Wall Street is "one sick puppy," but the world's major central banks are even sicker as they throw impossible mountains of money at intractable problems, according to David Stockman, director of the Office of Management and Budget in the Reagan White House.
The outspoken Stockman said a stock market correction appeared to have taken hold last week until the Federal Reserve deliberately stopped it with some hints about a possible extension of quantitative easing (QE).
The comment from St. Louis Fed president James Bullard (who Stockman dubbed "Dullard") promptly caused Wall Street to buy the dip, and stocks came roaring back.
"And it's no different anywhere else in the central bank besotted financial markets around the world. Everywhere state action, not business enterprise, is believed to be the source of wealth creation — at least the stock market's paper wealth version and even if for just a few more hours or days,"
Stockman asserted on his Contra Corner blog.
He noted the Japanese stock market recovered recently after Japan's central bank suggested the heavily indebted government there would buy more equities, and European bourses this week came roaring back on a report the European Central Bank might start buying corporate bonds.
"The thing is, however, the last injection is never enough in today's stimulus addicted casinos," Stockman wrote.

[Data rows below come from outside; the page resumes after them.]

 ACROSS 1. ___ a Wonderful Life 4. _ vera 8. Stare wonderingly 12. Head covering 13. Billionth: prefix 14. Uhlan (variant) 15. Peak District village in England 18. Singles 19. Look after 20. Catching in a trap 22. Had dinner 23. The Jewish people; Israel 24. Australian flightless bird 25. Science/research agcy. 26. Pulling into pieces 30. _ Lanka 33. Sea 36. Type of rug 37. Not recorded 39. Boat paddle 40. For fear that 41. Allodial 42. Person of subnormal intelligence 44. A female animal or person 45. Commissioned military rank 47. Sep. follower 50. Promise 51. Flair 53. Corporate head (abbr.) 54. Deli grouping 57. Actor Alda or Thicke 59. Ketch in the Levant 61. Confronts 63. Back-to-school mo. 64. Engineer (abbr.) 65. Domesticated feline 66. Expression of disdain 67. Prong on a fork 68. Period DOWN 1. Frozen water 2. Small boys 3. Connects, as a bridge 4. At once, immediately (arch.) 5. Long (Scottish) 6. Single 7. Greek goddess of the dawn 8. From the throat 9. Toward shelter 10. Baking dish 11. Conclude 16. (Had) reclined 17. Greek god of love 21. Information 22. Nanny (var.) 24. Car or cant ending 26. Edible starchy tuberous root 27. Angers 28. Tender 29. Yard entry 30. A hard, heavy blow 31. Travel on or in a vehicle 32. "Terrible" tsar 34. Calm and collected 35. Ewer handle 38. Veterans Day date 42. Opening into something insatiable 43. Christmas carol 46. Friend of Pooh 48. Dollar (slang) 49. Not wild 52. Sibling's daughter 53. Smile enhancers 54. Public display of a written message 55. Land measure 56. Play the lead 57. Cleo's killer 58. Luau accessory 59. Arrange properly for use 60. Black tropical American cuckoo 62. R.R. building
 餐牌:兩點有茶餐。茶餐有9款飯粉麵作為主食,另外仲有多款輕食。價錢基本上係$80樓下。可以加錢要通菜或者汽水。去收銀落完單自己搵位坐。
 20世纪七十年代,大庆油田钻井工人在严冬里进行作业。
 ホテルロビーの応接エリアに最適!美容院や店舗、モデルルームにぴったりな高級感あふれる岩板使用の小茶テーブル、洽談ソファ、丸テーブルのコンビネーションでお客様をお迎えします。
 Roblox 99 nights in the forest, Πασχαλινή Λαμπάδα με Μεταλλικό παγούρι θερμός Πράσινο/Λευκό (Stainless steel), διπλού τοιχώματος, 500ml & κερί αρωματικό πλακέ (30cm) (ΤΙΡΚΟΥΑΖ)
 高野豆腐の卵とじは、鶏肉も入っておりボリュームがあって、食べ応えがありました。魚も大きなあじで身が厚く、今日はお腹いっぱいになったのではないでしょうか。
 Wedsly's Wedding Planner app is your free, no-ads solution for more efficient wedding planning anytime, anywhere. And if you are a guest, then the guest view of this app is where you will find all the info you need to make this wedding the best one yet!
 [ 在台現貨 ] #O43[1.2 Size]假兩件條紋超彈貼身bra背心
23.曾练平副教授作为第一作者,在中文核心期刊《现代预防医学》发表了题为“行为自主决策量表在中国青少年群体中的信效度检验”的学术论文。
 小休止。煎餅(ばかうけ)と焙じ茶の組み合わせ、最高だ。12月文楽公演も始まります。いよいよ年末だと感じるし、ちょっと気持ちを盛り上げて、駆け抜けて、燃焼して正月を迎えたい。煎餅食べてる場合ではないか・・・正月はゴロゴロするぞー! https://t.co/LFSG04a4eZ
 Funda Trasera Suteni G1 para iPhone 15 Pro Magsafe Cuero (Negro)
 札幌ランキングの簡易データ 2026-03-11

"Indeed, if the European bourse were actually discounting the real world future they would have panicked long ago. And not just because Europe is heading for a triple dip or because the German export machine is faltering owing to the swoon in its heretofore bloated and unsustainable export markets in Russian and China.

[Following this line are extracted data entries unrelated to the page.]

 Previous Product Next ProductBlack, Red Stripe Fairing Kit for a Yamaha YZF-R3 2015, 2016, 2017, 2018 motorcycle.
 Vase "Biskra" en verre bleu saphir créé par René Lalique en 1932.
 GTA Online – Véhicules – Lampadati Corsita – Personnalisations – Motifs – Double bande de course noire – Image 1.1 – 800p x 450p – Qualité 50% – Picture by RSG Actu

"In fact, Europe is stuck in a deep rut of socialist tax and debt burdens, economic dirigisme and excessive financialization, and has been so for most of this century."
Stockman noted that the U.S. also remains in precarious shape, thanks to ultra-easy monetary policies by the Fed. He said Bullard's suggestion that the Fed could put the end of QE on hold shows Bullard has been "drinking the central bank cool aid."

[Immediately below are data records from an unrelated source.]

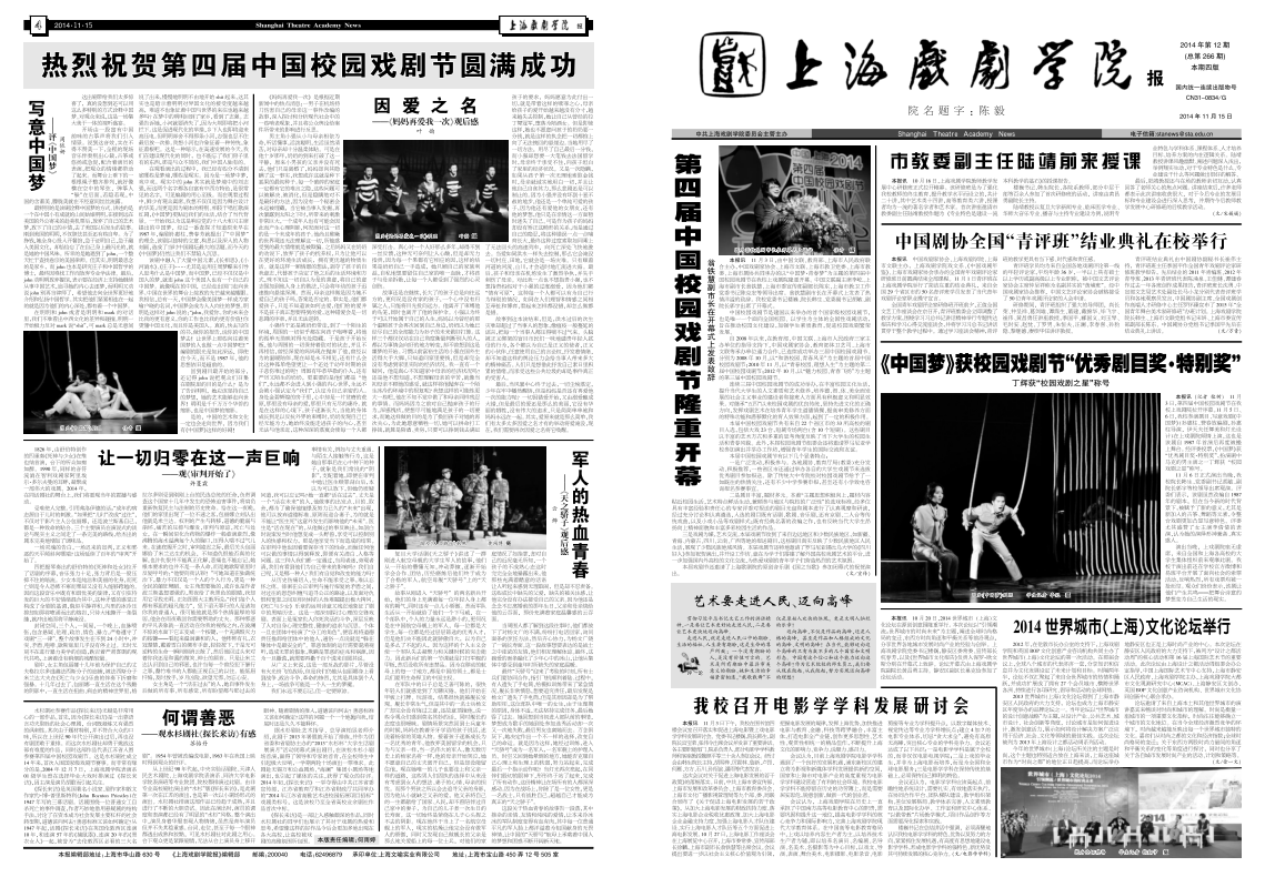 《上海戏剧学院报》2014年第12期(总第266期)已于2014年11月15日出版,本期共四版。重点内容有:《第四届中国校园戏剧节隆重开幕 翁铁慧副市长在开幕式上发表致辞》、《<中国梦>获校园戏剧节“优秀剧目奖•特别奖” 丁辉获“校园戏剧之星”称号》、《市教委副主任陆靖前来授课》、《中国剧协全国“青评班”结业典礼在校举行》等。敬请关注,也可点击下载阅读。(文、图、编辑:榕树)
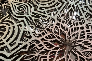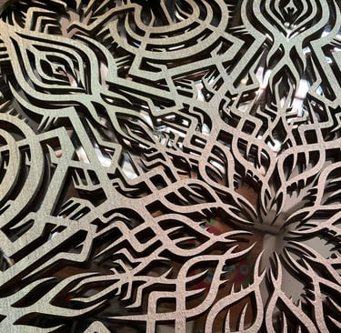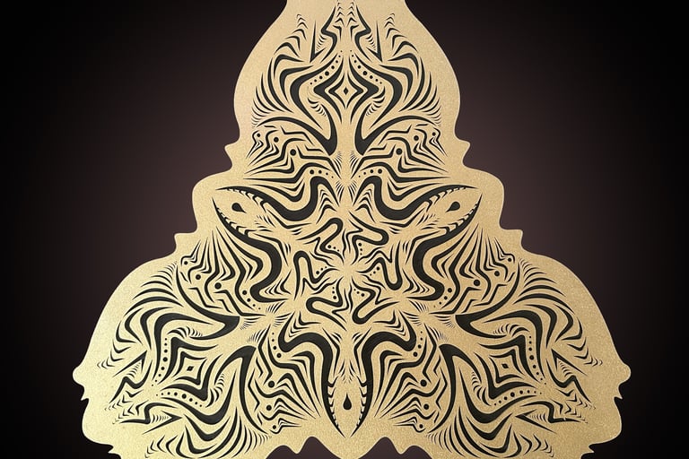 I develop patterns that I design as living forms, evolving structures. Each pattern is explored, declined, transformed. It is not a question of producing a fixed image, but of entering into a real research process.
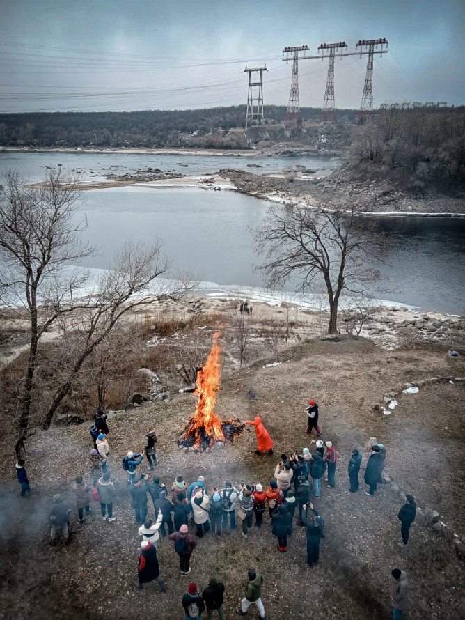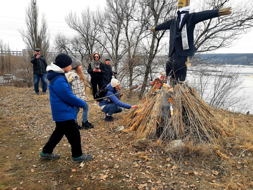 В цьому році в урочищі Сагайдачного — мальовничому місці на березі Дніпра, з якого відкривається гарний краєвид на ріку, Хортицю та на міст Преображенського — традиційно відзначили Масницю спаленням опудала російського диктатора.

"Never mind that the Fed has pinned the money market rate at zero for 71 months and unleashed the greatest carry trade gambling spree in recorded history; or that $3.5 trillion of debt monetization during that period has deeply deformed yields and pricing in the entire fixed-income market," he stated.
"No, the job of the monetary politburo is apparently to sift noise out of the in-coming data noise — even when it is a feedback loop from the Fed’s own manipulation and interventions. So the stock market rallies strenuously because an incoherent central banker starts randomly gumming about self-evident financial noise."
Some vivid opinions about the Fed came from two famous investors at the Robin Hood Investor Conference in New York this week.
David Einhorn, the billionaire founder of Greenlight Capital, was not exactly supportive of Fed policy.
"I think they're behind the curve in terms of helping the economy. It's like too much of a good thing. They're actually, I think, slowing down the economy, even though they don't realize that they're doing that," he told
CNBC.
"I don't really concern myself that much with the exit because first of all, if they did raise rates I think it might be bad for Wall Street, but I think it would be good for the real economy and every day, normal people out in the world, and, ultimately, you'd have faster GDP that would come from that," Einhorn predicted.
Billionaire activist investor Carl Icahn also had some skeptical words about the Fed from the same conference,
Zero Hedge reported.
"The Fed is really holding the market up. . . . The Fed turned this market around here because it let it be known that the Fed funds rate isn't going to be raised in March. I am concerned about the high-yield market, I think that's in a major bubble, but nobody knows when it's gonna burst," Icahn said, according to Zero Hedge.